| Exercise instructions |
Reproduce the records below in full and exactly, without their images.

| Data to process |
= = = = = = =

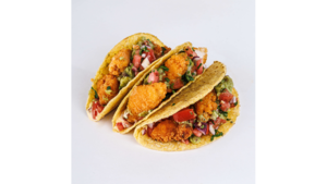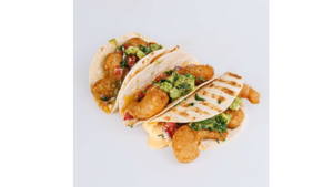 Pszenne tacos, krewetki w tempurze, sos serowy, guacamole, limonka, cebula czerwona, śmietana i świeża kolendra
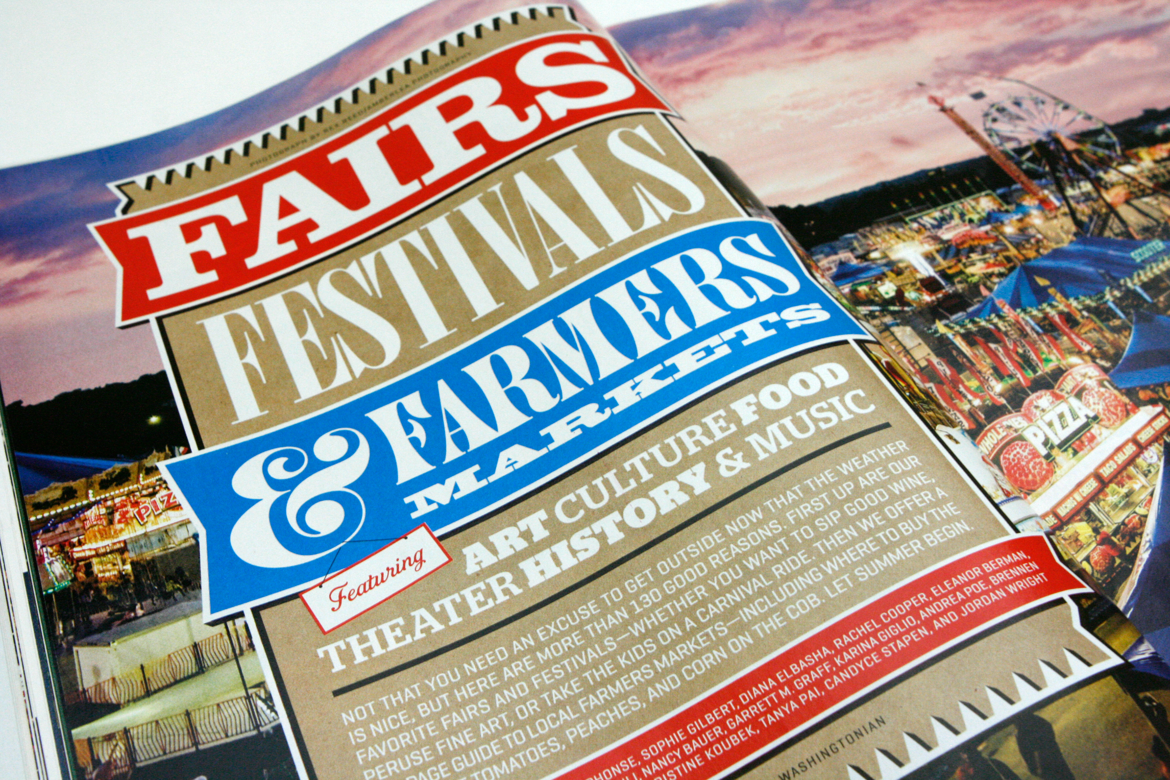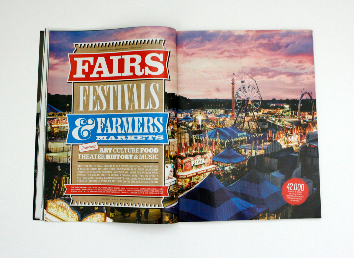 Feature opener for Fairs, Festivals, & Farmers Markets in Washingtonian's May 2013 issue. Creative Director Michael Goesele Designers Tom White, Christine Santana
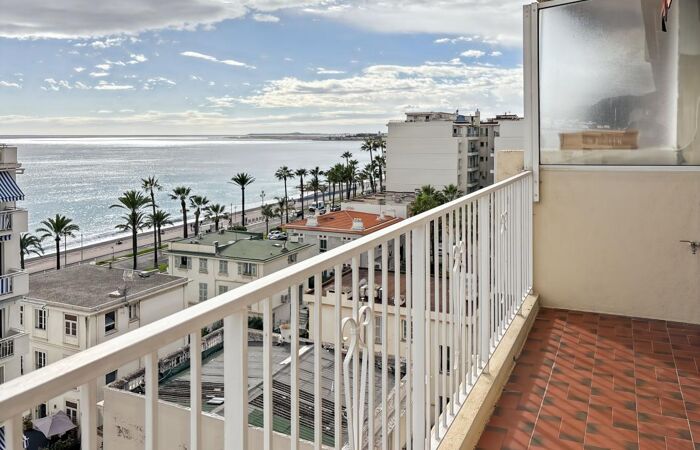 -Côté Sud/Est, le séjour ouvre sur un grand balcon ensoleillé avec une jolie vue sur la mer et la Promenade des Anglais ;
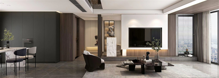 作品簡(jiǎn)介:本作原布局是標(biāo)準(zhǔn)小四房,入戶小房間改為交互式客餐廳一體,使得整個(gè)空間更加開放通透。出發(fā)點(diǎn)為表現(xiàn)出整個(gè)空間的連貫性和交互性。全案使用了色塊面積較大的“棕絲木”。木紋細(xì)膩舒暢,結(jié)合卡諾亞專屬專利扣線,無(wú)膠安裝,海棠角完美細(xì)節(jié)呈現(xiàn)。整體深色木紋系作為主線,純色塊漆面材質(zhì)作為點(diǎn)綴,小比例藝術(shù)玻璃等;各材質(zhì)協(xié)調(diào)使用。
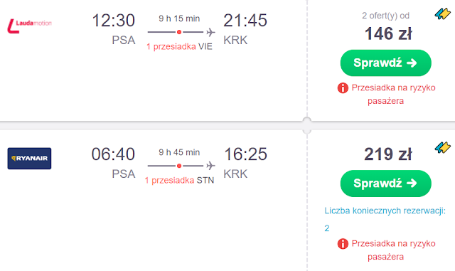 Powrót do kraju rezerwujemy na 12 maja. Oferujemy lot z Pizy do Krakowa za 146 zł (z przesiadką w Wiedniu) REZERWUJ====> lub z przesiadką w Londyn Stansted za 219 zł REZERWUJ====>.
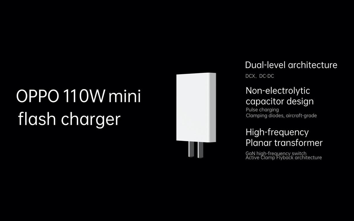 Được phát triển dựa trên sạc nhanh mini SuperVOOC 50W, sạc nhanh mini 110W của OPPO đã loại bỏ những hạn chế về kích thước cũng như tăng cường hiệu quả sạc của các củ sạc dòng cao. Bên cạnh việc sử dụng kiến trúc 2 lớp tiên tiến để đạt được hiệu năng chuyển đổi nguồn và kiểm soát nhiệt độ, sạc nhanh mini 110W còn được xây dựng dựa trên sự kết hợp giữa kính phiến và cấu trúc nhỏ gọn giúp giảm kích thước của thiết bị xuống chỉ còn 35.76 cm – tương đương với một củ sạc 18W thông thường.
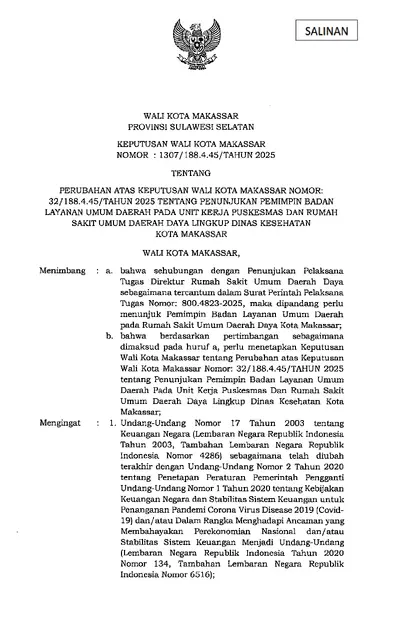 Keputusan Walikota Makassar Nomor 1307/188.4.45/Tahun 2025 Tentang Perubahan Atas Keputusan Wali Kota Makassar Nomor: 32/188.4.45/Tahun 2025 Tentang .............

= = = = = = =

| Worked solution |
 Pszenne tacos, krewetki w tempurze, sos serowy, guacamole, limonka, cebula czerwona, śmietana i świeża kolendra
 Feature opener for Fairs, Festivals, & Farmers Markets in Washingtonian's May 2013 issue. Creative Director Michael Goesele Designers Tom White, Christine Santana
 -Côté Sud/Est, le séjour ouvre sur un grand balcon ensoleillé avec une jolie vue sur la mer et la Promenade des Anglais ;
 作品簡(jiǎn)介:本作原布局是標(biāo)準(zhǔn)小四房,入戶小房間改為交互式客餐廳一體,使得整個(gè)空間更加開放通透。出發(fā)點(diǎn)為表現(xiàn)出整個(gè)空間的連貫性和交互性。全案使用了色塊面積較大的“棕絲木”。木紋細(xì)膩舒暢,結(jié)合卡諾亞專屬專利扣線,無(wú)膠安裝,海棠角完美細(xì)節(jié)呈現(xiàn)。整體深色木紋系作為主線,純色塊漆面材質(zhì)作為點(diǎn)綴,小比例藝術(shù)玻璃等;各材質(zhì)協(xié)調(diào)使用。
 Powrót do kraju rezerwujemy na 12 maja. Oferujemy lot z Pizy do Krakowa za 146 zł (z przesiadką w Wiedniu) REZERWUJ====> lub z przesiadką w Londyn Stansted za 219 zł REZERWUJ====>.
 Được phát triển dựa trên sạc nhanh mini SuperVOOC 50W, sạc nhanh mini 110W của OPPO đã loại bỏ những hạn chế về kích thước cũng như tăng cường hiệu quả sạc của các củ sạc dòng cao. Bên cạnh việc sử dụng kiến trúc 2 lớp tiên tiến để đạt được hiệu năng chuyển đổi nguồn và kiểm soát nhiệt độ, sạc nhanh mini 110W còn được xây dựng dựa trên sự kết hợp giữa kính phiến và cấu trúc nhỏ gọn giúp giảm kích thước của thiết bị xuống chỉ còn 35.76 cm – tương đương với một củ sạc 18W thông thường.
 Keputusan Walikota Makassar Nomor 1307/188.4.45/Tahun 2025 Tentang Perubahan Atas Keputusan Wali Kota Makassar Nomor: 32/188.4.45/Tahun 2025 Tentang .............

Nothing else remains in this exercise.